Vazgeçilmez, onsuz ya da onlarsız olması zor! hatta imkansız! olandır. Bireysel ve toplumsal vazgeçilmezler arasında şu üç’lü başta gelir:
1.Meclis
2.Hukuk
3.Vatandaşlık
***
Meclis, Türk Milleti’nin temsil edildiği yerdir. Bu Meclis, halkın seçtiği vekillerden oluşur. Meclis, “Egemenlik Kayıtsız Şartsız Milletindir M.K.ATATÜRK” ilkesinin yaşatıldığı temsil işlevindedir.

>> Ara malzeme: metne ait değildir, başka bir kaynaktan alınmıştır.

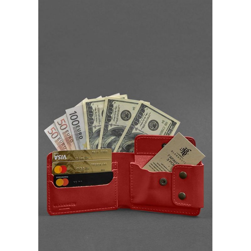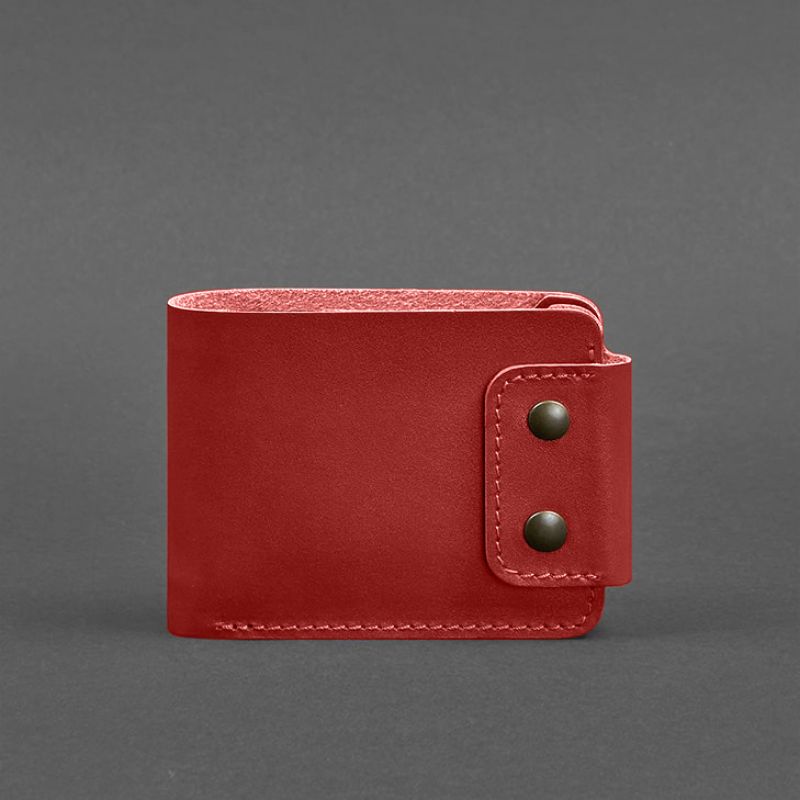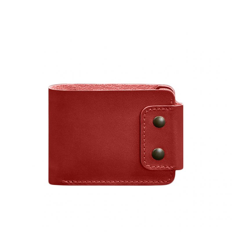 Универсальное портмоне из натуральной кожи в красном цвете. Внутри два отделения для купюр, несколько слотов для платежных пластиковых карт и отделение на кнопке для монет и других мелочей. Портмоне имеет компактные габариты, что позволяет носить его даже в кармане брюк или пиджака.
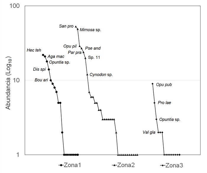 La vegetación en las tres subzonas va desde matorral crausicaule a selva baja caducifolia. En los transectos se contabilizaron 53 especies de plantas, teniendo la subzona A 19 especies, siendo Hechtia tehuacana la especie dominante (Figura 2); en la subzona B se registraron 32 especies, con dominancia de Sanvitalia procumbens; y en la subzona C se registraron 15 especies, con dominancia de Opuntia pubescens. No se pudieron clasificar 18 especies debido a la baja abundancia y/o a la falta de estructuras (flores o frutos) para su identificación.
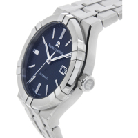 Корпус: Корпус и безель из матовой/полированной нержавеющей стали. Черный циферблат украшен гильоше, серебристые стрелки. Сапфировое стекло с антибликовым покрытием. Водонепроницаемость 200 метров, завинчивающаяся заводная коронка. Размер 42 мм.
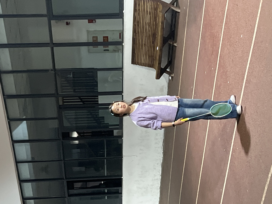 - "A young female stands on a reddish-brown track marked with white lines, holding a yellow, blue, and green badminton racket in her left hand, which points towards the ground" by FM-Taoqm1, licensed under CC BY 4.0
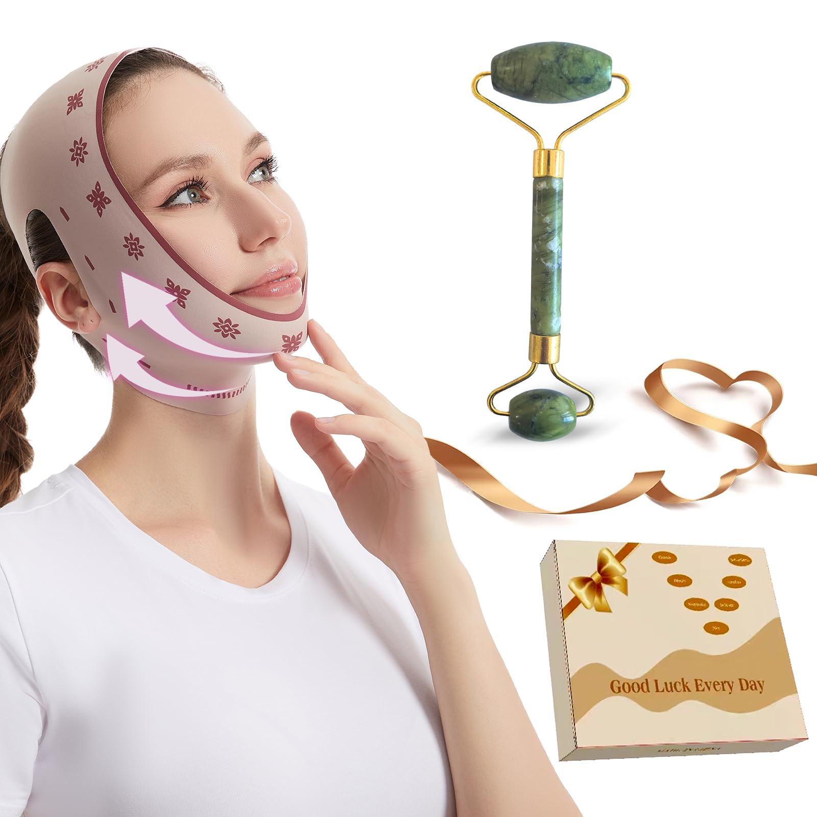 Reusable V Line Jawline Lifter | Double Chin Reducer Face Strap with Jade Roller | Breathable Sleep & Daily Use Face Mask for Sagging Skin & Contour
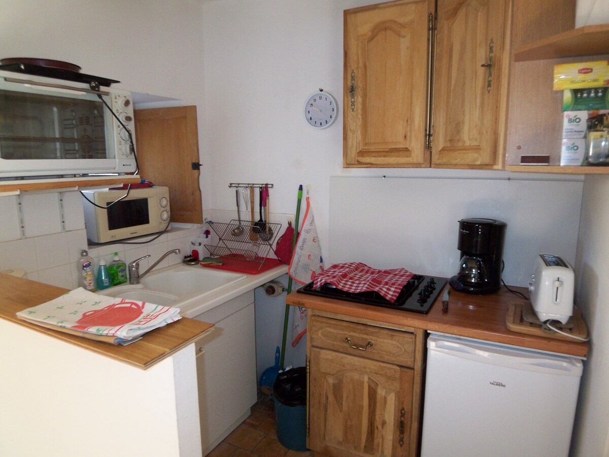 Completamente nuevo, acogedor y cálido, ofrezco mi estudio para 1 o 2 personas, en la planta baja de mi casa. El alojamiento es totalmente independiente, tiene su entrada, su terraza y el jardín. El baño es luminoso y la cocina equipada está totalmente equipada. Estoy disponible y a su disposición para responder a sus necesidades. Estaremos encantados de recibirle.
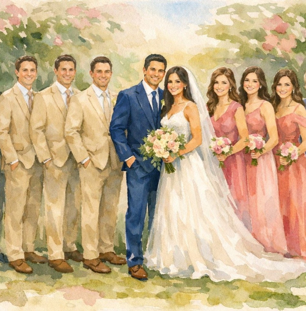 Padrinhos: Terno Completo na cor Bege (Paletó e calça Social, Camisa Social na cor Branca e Gravata Bege).
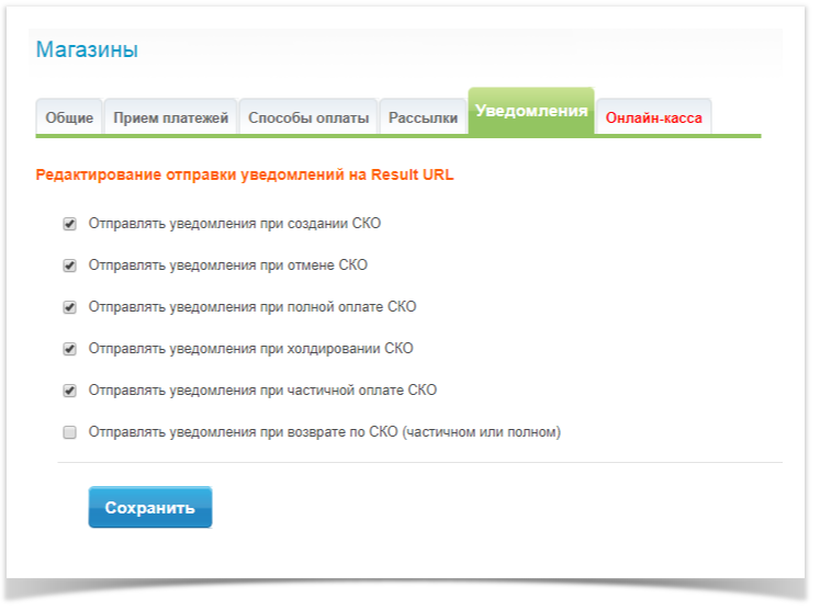 Управлять уведомлениями можно в личном кабинете в настройках магазина. По-умолчанию отправка запроса о возврате по СКО отключена

Meclis, yasama, yürütme ve yargı bağımsızlığının adresidir. İlk Meclis’ten bugünkü Türkiye Büyük Millet Meclisi’ne (TBMM) kadar seçilen halk temsilcilerinden oluşur. Bu yapı ve işleviyle TBMM’sinin görev sorumlulukları memleket için yaşamsal önemdedir.
***
Hukuk, hayatın akışını düzenleyen kurallar bütünüdür. Kaynağı hak ve adalet ilkelerine dayanır. Hukuk kuralları insanların birbiriyle ilgili alış verişlerini, ilişkilerini, insan-mülk, insan-kamu işleyişini düzenler. Bireysel ve toplumsal fayda, huzur ve sosyal yaşam için her girişimde “hukuka uygunluk” temel alınmalıdır. Hukukun üstünlüğü her şeyden öndedir. Hukuk devleti olma da devletin en belirleyici dayanaklarındandır. Hukuk sistemi herkese lazım olandır. Modern toplumun en temel yapı taşı adalet ve nesnel kurallardan oluşan hukuk sistemidir.

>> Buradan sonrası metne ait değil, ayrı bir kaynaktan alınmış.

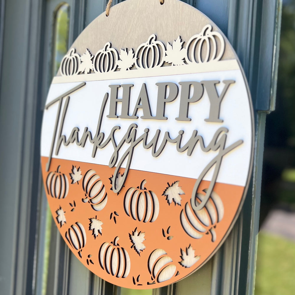 Welcome the holiday season with our Thanksgiving Front Door Hanger! Made of durable wood, this festive hanger adds the perfect touch to your entryway.
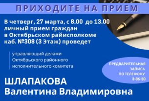 Первый заместитель председателя Октябрьского райисполкома Татьяна Новик проведет прием граждан Прием граждан 01 Июл 2024 1840
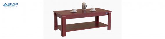 Bàn sofa mặt gỗ liền hình chữ nhật, chân bàn ghép chữ V tạo dáng và có đợt gỗ để đồ.
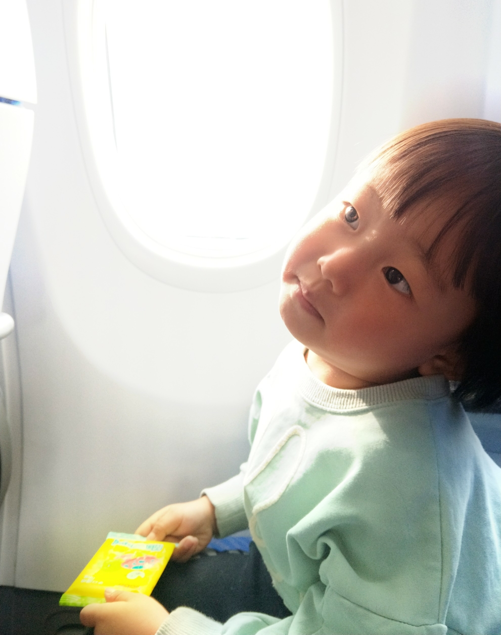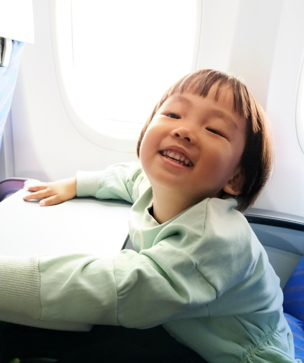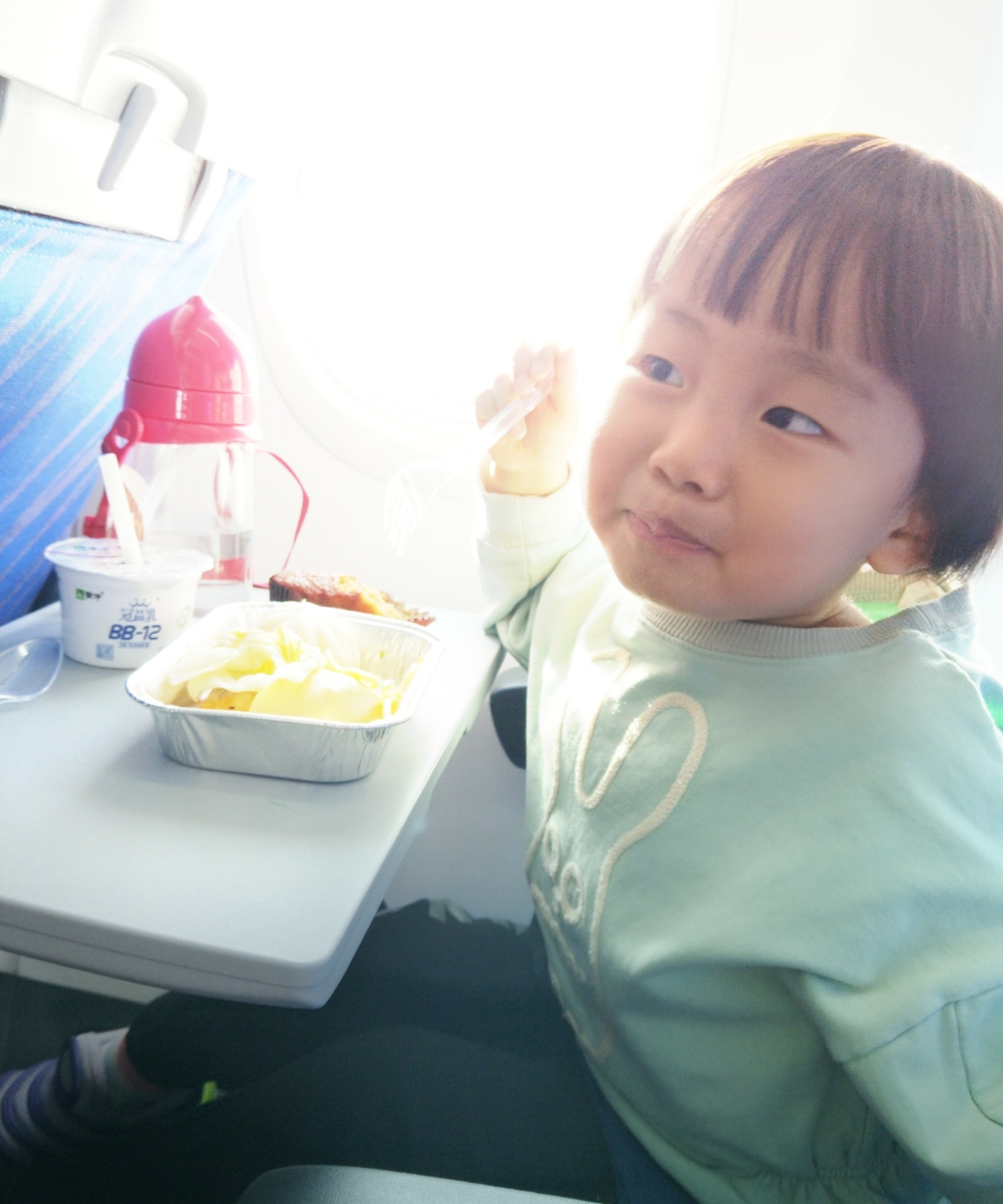 禾苗在飞机上很开心
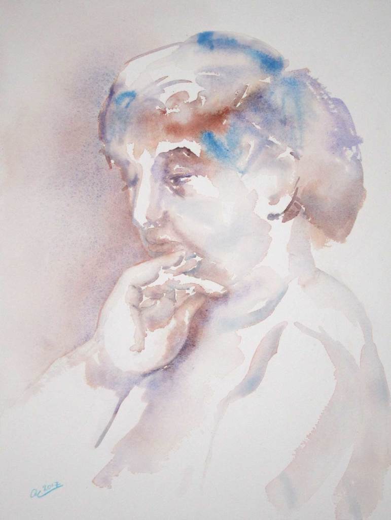 Vrouw Portret Naakt Aquarel
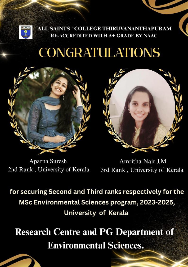 University of Kerala- 2nd & 3rd Rank in MSc Environmental Studies - Where Goals Meet Glory!

Hukuk kuralları, kişiye, gruba ve ayrıcalık taşı-mama-lıdır. Herkes için hukuk ve adalet sosyal devlet olmanın da temelidir.
***
Vatandaşlık ise yaşadığı toprak ve memleketine karşı hak, görev ve sorumluluklarının bilincinde olmadır. Öncelinde akıl, beden ve ruh sağlığında olmalıdır. eş deyişle akıl, beden ve ruh sağlığı yerinde olan herkes vatandaş olarak önce kendine sonra yaşadığı yere karşı sorumludur.

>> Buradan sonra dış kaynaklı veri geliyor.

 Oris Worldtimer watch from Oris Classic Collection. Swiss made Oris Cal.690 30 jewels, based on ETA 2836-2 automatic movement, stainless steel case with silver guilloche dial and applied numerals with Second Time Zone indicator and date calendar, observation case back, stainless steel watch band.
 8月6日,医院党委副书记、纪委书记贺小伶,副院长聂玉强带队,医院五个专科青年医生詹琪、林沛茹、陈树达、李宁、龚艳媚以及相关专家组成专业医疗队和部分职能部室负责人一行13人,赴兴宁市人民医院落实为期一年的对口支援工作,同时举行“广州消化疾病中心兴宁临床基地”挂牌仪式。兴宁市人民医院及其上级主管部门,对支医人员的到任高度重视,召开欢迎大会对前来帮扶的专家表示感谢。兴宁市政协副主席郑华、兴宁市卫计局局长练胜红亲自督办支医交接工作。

Vatandaşlık toplumsal yapıda birbirine empatili davranmadır. Vatandaşlık memleket olmazsa ben de olma diyebilmedir. Bu nedenle de vatandaşlıkta “vatan, toprak ve memleket” önceldedir.
***
Sonuçta, vazgeçilmez üç’lü olarak Meclis, hukuk ve vatandaşlık başta gelen özelliklere sahiptir. Bu üç’lü Her koşul ve durumda birbirini tamamlayan işlevdedir. Bu üç’lüden biri diğerine tercih edilemez ve biri diğerlerine göre daha hafife alınamaz. Alınırsa sosyal, hukuk ve millet temsili göz ardı edilir. Hem birey hem de kamu yararı es geçilir. Herkes kendi hakkını aramaya kalkar. Şiddet, terör, gasp artar. Menfaat çatışmaları yaşanır. Çünkü, Meclis, Hukuk ve Vatandaşlık adaletli, sosyal devlet ve toplum olmanın temel kilit yapı taşlarıdır.